→ **What needs to be done**
Repeat the data in full. Drop every picture.

→ **Dataset excerpts**
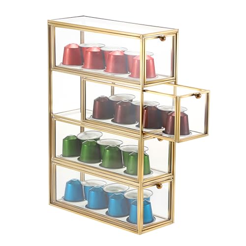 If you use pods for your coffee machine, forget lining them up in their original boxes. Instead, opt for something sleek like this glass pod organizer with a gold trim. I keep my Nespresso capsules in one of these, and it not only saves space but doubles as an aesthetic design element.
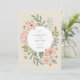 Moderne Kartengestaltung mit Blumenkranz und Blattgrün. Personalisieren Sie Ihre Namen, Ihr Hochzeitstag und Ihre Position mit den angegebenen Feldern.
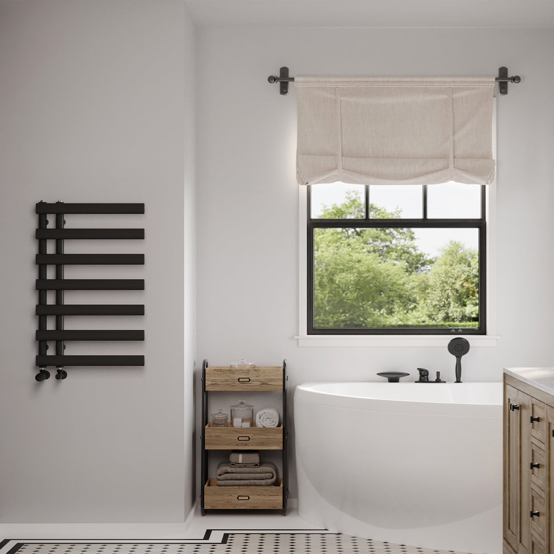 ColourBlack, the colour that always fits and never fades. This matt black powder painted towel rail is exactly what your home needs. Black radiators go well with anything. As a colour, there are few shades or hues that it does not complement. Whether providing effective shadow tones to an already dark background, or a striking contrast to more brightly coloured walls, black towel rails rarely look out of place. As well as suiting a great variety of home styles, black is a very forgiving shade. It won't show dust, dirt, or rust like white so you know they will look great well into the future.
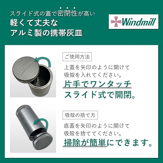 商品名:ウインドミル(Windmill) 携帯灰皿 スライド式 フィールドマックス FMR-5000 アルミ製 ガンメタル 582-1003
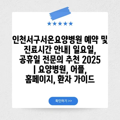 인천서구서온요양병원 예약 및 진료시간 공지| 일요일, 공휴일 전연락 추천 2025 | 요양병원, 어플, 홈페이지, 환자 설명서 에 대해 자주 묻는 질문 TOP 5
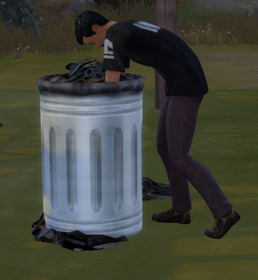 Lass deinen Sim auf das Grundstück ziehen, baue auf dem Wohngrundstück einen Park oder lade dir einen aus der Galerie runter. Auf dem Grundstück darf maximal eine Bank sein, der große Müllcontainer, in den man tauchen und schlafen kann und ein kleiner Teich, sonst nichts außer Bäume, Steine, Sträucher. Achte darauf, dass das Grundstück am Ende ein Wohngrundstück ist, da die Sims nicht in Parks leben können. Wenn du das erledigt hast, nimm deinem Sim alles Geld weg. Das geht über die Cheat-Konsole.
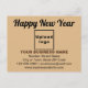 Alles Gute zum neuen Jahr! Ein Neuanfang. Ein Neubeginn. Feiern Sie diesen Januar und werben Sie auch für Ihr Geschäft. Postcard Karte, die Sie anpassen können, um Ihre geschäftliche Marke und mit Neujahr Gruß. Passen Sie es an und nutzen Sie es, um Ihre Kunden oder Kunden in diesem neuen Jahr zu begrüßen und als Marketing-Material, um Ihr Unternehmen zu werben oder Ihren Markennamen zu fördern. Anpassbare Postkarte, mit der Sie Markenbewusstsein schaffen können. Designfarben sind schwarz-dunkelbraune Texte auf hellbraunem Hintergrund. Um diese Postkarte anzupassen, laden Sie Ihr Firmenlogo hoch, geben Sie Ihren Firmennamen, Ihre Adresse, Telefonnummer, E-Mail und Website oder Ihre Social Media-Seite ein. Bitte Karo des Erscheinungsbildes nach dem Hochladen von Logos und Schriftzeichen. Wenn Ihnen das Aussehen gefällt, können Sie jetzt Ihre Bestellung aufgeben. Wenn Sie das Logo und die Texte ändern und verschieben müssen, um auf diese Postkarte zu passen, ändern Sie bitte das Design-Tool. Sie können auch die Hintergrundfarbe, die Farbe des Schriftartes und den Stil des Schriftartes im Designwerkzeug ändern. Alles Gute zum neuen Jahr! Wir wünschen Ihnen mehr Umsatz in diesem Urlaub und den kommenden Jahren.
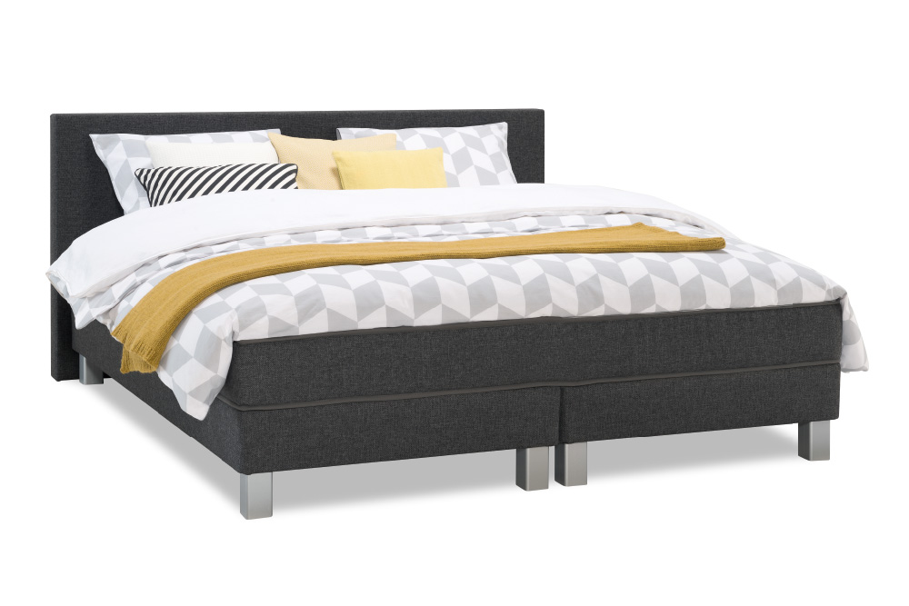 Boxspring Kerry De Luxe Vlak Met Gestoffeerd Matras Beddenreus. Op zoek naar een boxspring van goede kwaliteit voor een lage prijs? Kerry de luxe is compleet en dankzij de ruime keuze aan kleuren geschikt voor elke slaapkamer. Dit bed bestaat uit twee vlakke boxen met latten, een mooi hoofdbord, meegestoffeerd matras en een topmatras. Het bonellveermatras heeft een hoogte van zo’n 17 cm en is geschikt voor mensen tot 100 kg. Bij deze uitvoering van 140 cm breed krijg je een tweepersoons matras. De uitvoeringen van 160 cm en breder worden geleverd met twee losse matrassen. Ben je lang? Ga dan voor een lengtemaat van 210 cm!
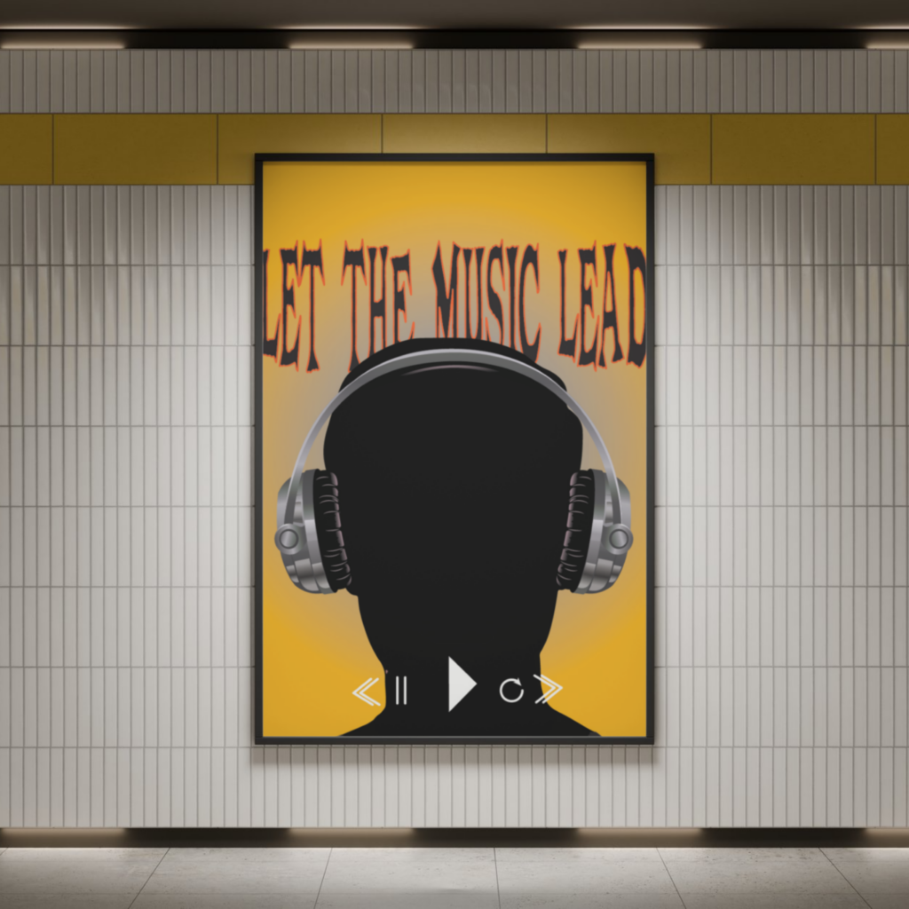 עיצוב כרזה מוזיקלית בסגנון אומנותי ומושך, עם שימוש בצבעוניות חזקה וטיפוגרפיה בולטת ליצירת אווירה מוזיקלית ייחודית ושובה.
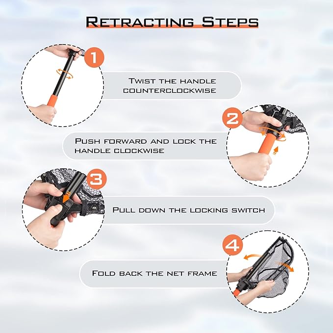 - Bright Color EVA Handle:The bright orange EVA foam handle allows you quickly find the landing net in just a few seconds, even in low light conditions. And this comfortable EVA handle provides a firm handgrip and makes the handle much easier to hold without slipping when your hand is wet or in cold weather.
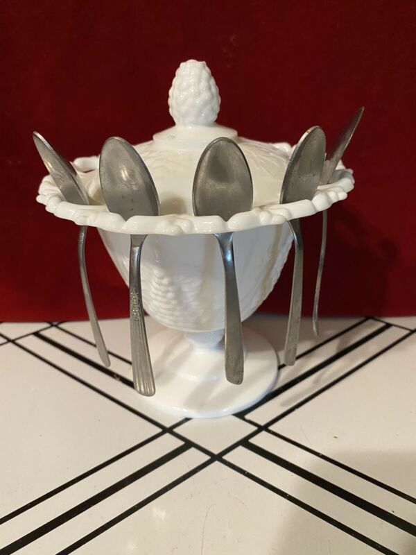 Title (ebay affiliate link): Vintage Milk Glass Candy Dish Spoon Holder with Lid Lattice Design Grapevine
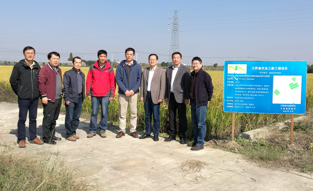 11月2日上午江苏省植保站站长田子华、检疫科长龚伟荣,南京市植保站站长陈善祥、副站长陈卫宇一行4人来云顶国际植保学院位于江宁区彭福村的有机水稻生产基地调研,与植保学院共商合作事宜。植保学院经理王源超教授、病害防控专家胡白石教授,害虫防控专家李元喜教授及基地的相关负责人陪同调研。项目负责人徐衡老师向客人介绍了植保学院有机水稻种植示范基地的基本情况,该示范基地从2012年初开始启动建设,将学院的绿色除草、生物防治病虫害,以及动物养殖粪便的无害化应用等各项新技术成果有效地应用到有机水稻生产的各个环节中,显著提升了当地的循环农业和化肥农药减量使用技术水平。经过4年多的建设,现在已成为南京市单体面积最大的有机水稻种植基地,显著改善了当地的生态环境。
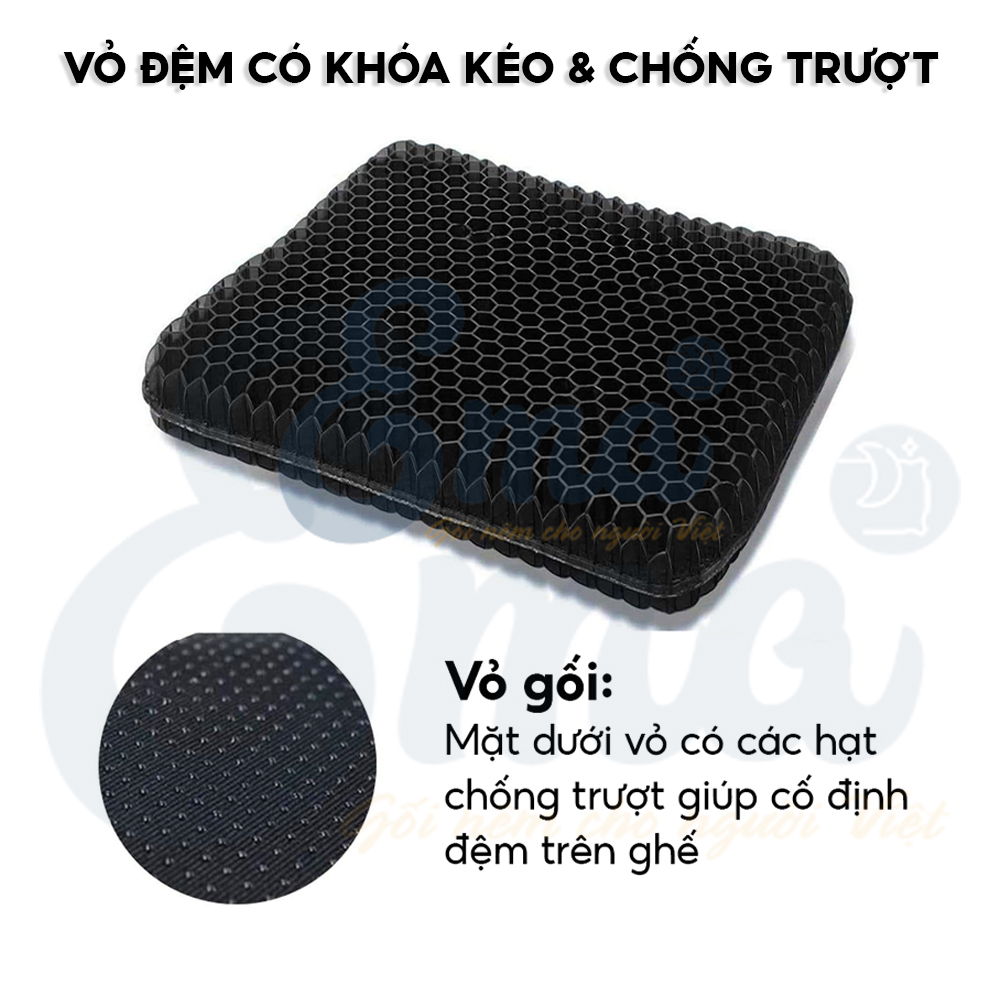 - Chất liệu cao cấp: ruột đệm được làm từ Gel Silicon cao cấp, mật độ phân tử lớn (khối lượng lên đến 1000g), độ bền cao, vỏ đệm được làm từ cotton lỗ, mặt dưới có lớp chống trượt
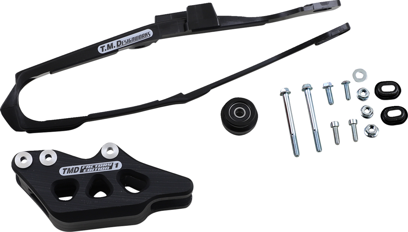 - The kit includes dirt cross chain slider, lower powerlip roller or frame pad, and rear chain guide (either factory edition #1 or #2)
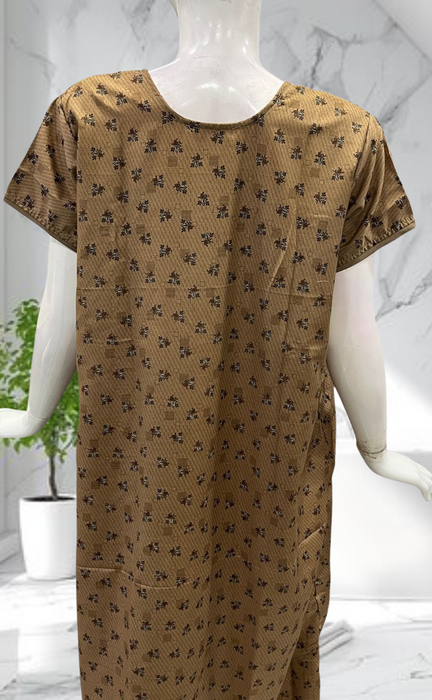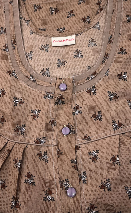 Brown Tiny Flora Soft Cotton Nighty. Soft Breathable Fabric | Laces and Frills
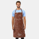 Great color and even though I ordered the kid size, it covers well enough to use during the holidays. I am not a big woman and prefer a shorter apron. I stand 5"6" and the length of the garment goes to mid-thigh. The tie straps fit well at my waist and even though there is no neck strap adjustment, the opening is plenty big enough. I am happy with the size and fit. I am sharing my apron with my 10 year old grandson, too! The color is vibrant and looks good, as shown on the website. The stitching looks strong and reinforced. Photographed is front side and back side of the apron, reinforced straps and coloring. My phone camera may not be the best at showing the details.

→ **Output below**
 If you use pods for your coffee machine, forget lining them up in their original boxes. Instead, opt for something sleek like this glass pod organizer with a gold trim. I keep my Nespresso capsules in one of these, and it not only saves space but doubles as an aesthetic design element.
 Moderne Kartengestaltung mit Blumenkranz und Blattgrün. Personalisieren Sie Ihre Namen, Ihr Hochzeitstag und Ihre Position mit den angegebenen Feldern.
 ColourBlack, the colour that always fits and never fades. This matt black powder painted towel rail is exactly what your home needs. Black radiators go well with anything. As a colour, there are few shades or hues that it does not complement. Whether providing effective shadow tones to an already dark background, or a striking contrast to more brightly coloured walls, black towel rails rarely look out of place. As well as suiting a great variety of home styles, black is a very forgiving shade. It won't show dust, dirt, or rust like white so you know they will look great well into the future.
 商品名:ウインドミル(Windmill) 携帯灰皿 スライド式 フィールドマックス FMR-5000 アルミ製 ガンメタル 582-1003
 인천서구서온요양병원 예약 및 진료시간 공지| 일요일, 공휴일 전연락 추천 2025 | 요양병원, 어플, 홈페이지, 환자 설명서 에 대해 자주 묻는 질문 TOP 5
 Lass deinen Sim auf das Grundstück ziehen, baue auf dem Wohngrundstück einen Park oder lade dir einen aus der Galerie runter. Auf dem Grundstück darf maximal eine Bank sein, der große Müllcontainer, in den man tauchen und schlafen kann und ein kleiner Teich, sonst nichts außer Bäume, Steine, Sträucher. Achte darauf, dass das Grundstück am Ende ein Wohngrundstück ist, da die Sims nicht in Parks leben können. Wenn du das erledigt hast, nimm deinem Sim alles Geld weg. Das geht über die Cheat-Konsole.
 Alles Gute zum neuen Jahr! Ein Neuanfang. Ein Neubeginn. Feiern Sie diesen Januar und werben Sie auch für Ihr Geschäft. Postcard Karte, die Sie anpassen können, um Ihre geschäftliche Marke und mit Neujahr Gruß. Passen Sie es an und nutzen Sie es, um Ihre Kunden oder Kunden in diesem neuen Jahr zu begrüßen und als Marketing-Material, um Ihr Unternehmen zu werben oder Ihren Markennamen zu fördern. Anpassbare Postkarte, mit der Sie Markenbewusstsein schaffen können. Designfarben sind schwarz-dunkelbraune Texte auf hellbraunem Hintergrund. Um diese Postkarte anzupassen, laden Sie Ihr Firmenlogo hoch, geben Sie Ihren Firmennamen, Ihre Adresse, Telefonnummer, E-Mail und Website oder Ihre Social Media-Seite ein. Bitte Karo des Erscheinungsbildes nach dem Hochladen von Logos und Schriftzeichen. Wenn Ihnen das Aussehen gefällt, können Sie jetzt Ihre Bestellung aufgeben. Wenn Sie das Logo und die Texte ändern und verschieben müssen, um auf diese Postkarte zu passen, ändern Sie bitte das Design-Tool. Sie können auch die Hintergrundfarbe, die Farbe des Schriftartes und den Stil des Schriftartes im Designwerkzeug ändern. Alles Gute zum neuen Jahr! Wir wünschen Ihnen mehr Umsatz in diesem Urlaub und den kommenden Jahren.
 Boxspring Kerry De Luxe Vlak Met Gestoffeerd Matras Beddenreus. Op zoek naar een boxspring van goede kwaliteit voor een lage prijs? Kerry de luxe is compleet en dankzij de ruime keuze aan kleuren geschikt voor elke slaapkamer. Dit bed bestaat uit twee vlakke boxen met latten, een mooi hoofdbord, meegestoffeerd matras en een topmatras. Het bonellveermatras heeft een hoogte van zo’n 17 cm en is geschikt voor mensen tot 100 kg. Bij deze uitvoering van 140 cm breed krijg je een tweepersoons matras. De uitvoeringen van 160 cm en breder worden geleverd met twee losse matrassen. Ben je lang? Ga dan voor een lengtemaat van 210 cm!
 עיצוב כרזה מוזיקלית בסגנון אומנותי ומושך, עם שימוש בצבעוניות חזקה וטיפוגרפיה בולטת ליצירת אווירה מוזיקלית ייחודית ושובה.
 - Bright Color EVA Handle:The bright orange EVA foam handle allows you quickly find the landing net in just a few seconds, even in low light conditions. And this comfortable EVA handle provides a firm handgrip and makes the handle much easier to hold without slipping when your hand is wet or in cold weather.
 Title (ebay affiliate link): Vintage Milk Glass Candy Dish Spoon Holder with Lid Lattice Design Grapevine
 11月2日上午江苏省植保站站长田子华、检疫科长龚伟荣,南京市植保站站长陈善祥、副站长陈卫宇一行4人来云顶国际植保学院位于江宁区彭福村的有机水稻生产基地调研,与植保学院共商合作事宜。植保学院经理王源超教授、病害防控专家胡白石教授,害虫防控专家李元喜教授及基地的相关负责人陪同调研。项目负责人徐衡老师向客人介绍了植保学院有机水稻种植示范基地的基本情况,该示范基地从2012年初开始启动建设,将学院的绿色除草、生物防治病虫害,以及动物养殖粪便的无害化应用等各项新技术成果有效地应用到有机水稻生产的各个环节中,显著提升了当地的循环农业和化肥农药减量使用技术水平。经过4年多的建设,现在已成为南京市单体面积最大的有机水稻种植基地,显著改善了当地的生态环境。
 - Chất liệu cao cấp: ruột đệm được làm từ Gel Silicon cao cấp, mật độ phân tử lớn (khối lượng lên đến 1000g), độ bền cao, vỏ đệm được làm từ cotton lỗ, mặt dưới có lớp chống trượt
 - The kit includes dirt cross chain slider, lower powerlip roller or frame pad, and rear chain guide (either factory edition #1 or #2)
 Brown Tiny Flora Soft Cotton Nighty. Soft Breathable Fabric | Laces and Frills
 Great color and even though I ordered the kid size, it covers well enough to use during the holidays. I am not a big woman and prefer a shorter apron. I stand 5"6" and the length of the garment goes to mid-thigh. The tie straps fit well at my waist and even though there is no neck strap adjustment, the opening is plenty big enough. I am happy with the size and fit. I am sharing my apron with my 10 year old grandson, too! The color is vibrant and looks good, as shown on the website. The stitching looks strong and reinforced. Photographed is front side and back side of the apron, reinforced straps and coloring. My phone camera may not be the best at showing the details.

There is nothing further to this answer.